UC 1 was decent if nothing else, what bugged me was the fact that the pistol was as powerful as any other gun but overall a decent game.
I played fall of man but it just looked and played like a ps2 game having been used to halo 3 and gears 1 and 2 to name a couple.
So I was not too impressed and went back to 360.
Then I got UC2 and I just thought the game was fabulous.
It done everything right from story telling to good shooting pieces to good puzzling.
Started playing more with the 3 and downloaded infamous for a tenner whilst on plus.
not usually my type of game but it flowed smoothly and I really enjoyed it.
Then along came KZ3 and I thought I will just rent it out and see what its like.
I really really loved both sp and mp so I bought a new copy to support gg.
I know it came in for criticism for selling out to the casual but I preferred it over 2.
Met some really cool heads whilst on multi and played it for ages.
We set up a casual clan and played a few tourneys but mostly it was just a laugh and nobody cared how bad you where which suited me.
Overall I think in the round Sony got a lot wrong at the start with the 3 and if the brand name had not been there it would have sunk.
A lot of gamers have respect for Sony and I personally think having gone through a bad patch they are asserting themselves again.
Personally I think MS have been the frontrunners this gen on the hd front and I reckon when they bring out there next one a lot of gamers who cringed this gen will go out and buy it day one.
Overall MS,s entry in to the market has been a good thing as it shows that no one can take gamers for granted.
#32
fearmonkey
17/11/11, 7:03 pm
I remember E3 2005.
Oh wait, G1GAHURTZ already said that lol….
Unlike Giga, I never ended up buying a PS3, mainly because i cannot really afford to support two consoles.
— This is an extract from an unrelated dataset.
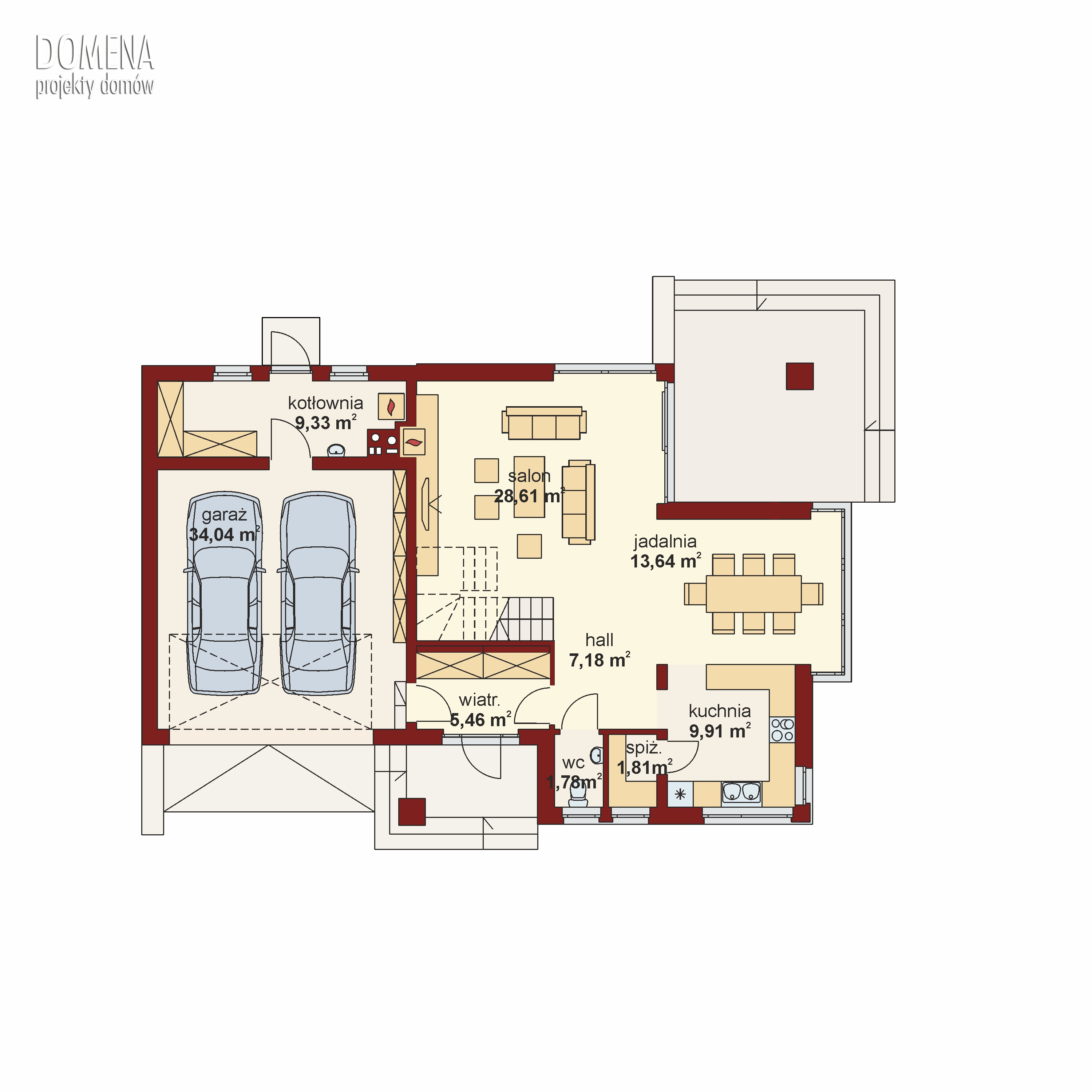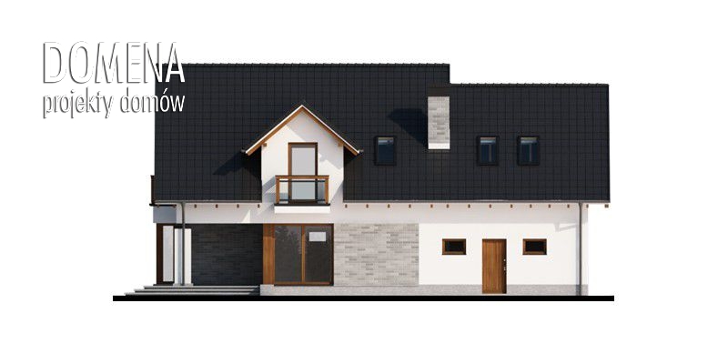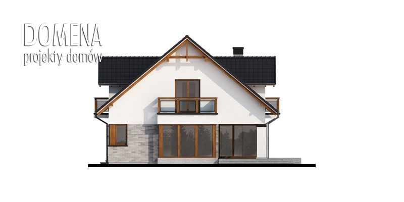 Peronia 2 to wygodny dom parterowy z poddaszem użytkowym przeznaczony dla 4 osobowej rodziny, z ciekawą elewacją z elementami kamienia oraz dużymi przeszkleniami. Dzięki nim cała przestrzeń jest dobrze doświetlona światłem słonecznym. Dom posiada widoczny podział na strefy: dzienną, gospodarczą oraz nocną. Ta pierwsza to zlokalizowana na parterze otwarta przestrzeń, na którą składa się salon z kominkiem, jadalnia a także kuchnia ze spiżarnią. Dzięki zastosowaniu ścianki działowej, zwolennicy kuchni zamkniętych mogą wydzielić samą kuchnię lub wraz z jadalnią. Wspomniane duże przeszklenia umożliwiają wyjście na taras zarówno z salonu jak i jadalni. Ustawny wiatrołap z szafami wnękowymi łączy strefę dzienną domu ze strefą gospodarczą, w skład której wchodzi dwustanowiskowy garaż z miejscem na ciąg regałów oraz pomieszczenie gospodarcze pełniące funkcję kotłowni, z dodatkowym wyjściem na ogród. Poddasze to w całości strefa nocna. Stanowią ją trzy sypialnie, każda z wyjściem na balkon, a dwie dodatkowo z garderobą. Sypialnia dwuosobowa posiada także indywidualną łazienkę. Zaprojektowany jako nieużytkowy strych można zaadaptować na dodatkowy pokój sypialny, czy pokój hobby.

I don’t watch a ton of movies so the blu-ray never interested me so much early on.
I couldn’t allow myself to support a console at such a high launch price either, at $599.99, this was in the 3DO price range, and we all know how that ended up. If it would have been more powerful, with much better graphics, then I would have probably got one when the slim came out.
All the comparison videos with 360 VS PS3 showed the 360 had a superior GPU and memory configuration and could upscale 720p to 1080p where the PS3 couldn’t early on. I own a very nice CRT HDTV that doesn’t do 720p, only 1080i so that was a factor. The halved memory of 256/256 the PS3 has was a bad choice, much like Sony choosing the 4MB frame buffer the PS2 had, resulting in blurrier textures even compared to the dreamcast.
Even today you read someone post about the theoretical power of the PS3. Yes it has a more powerful CPU in the Cell, but games are mostly GPU limited. My PC has a great video card and an almost 5 year old dual core CPU and I can play most games at the highest res and all options turned on.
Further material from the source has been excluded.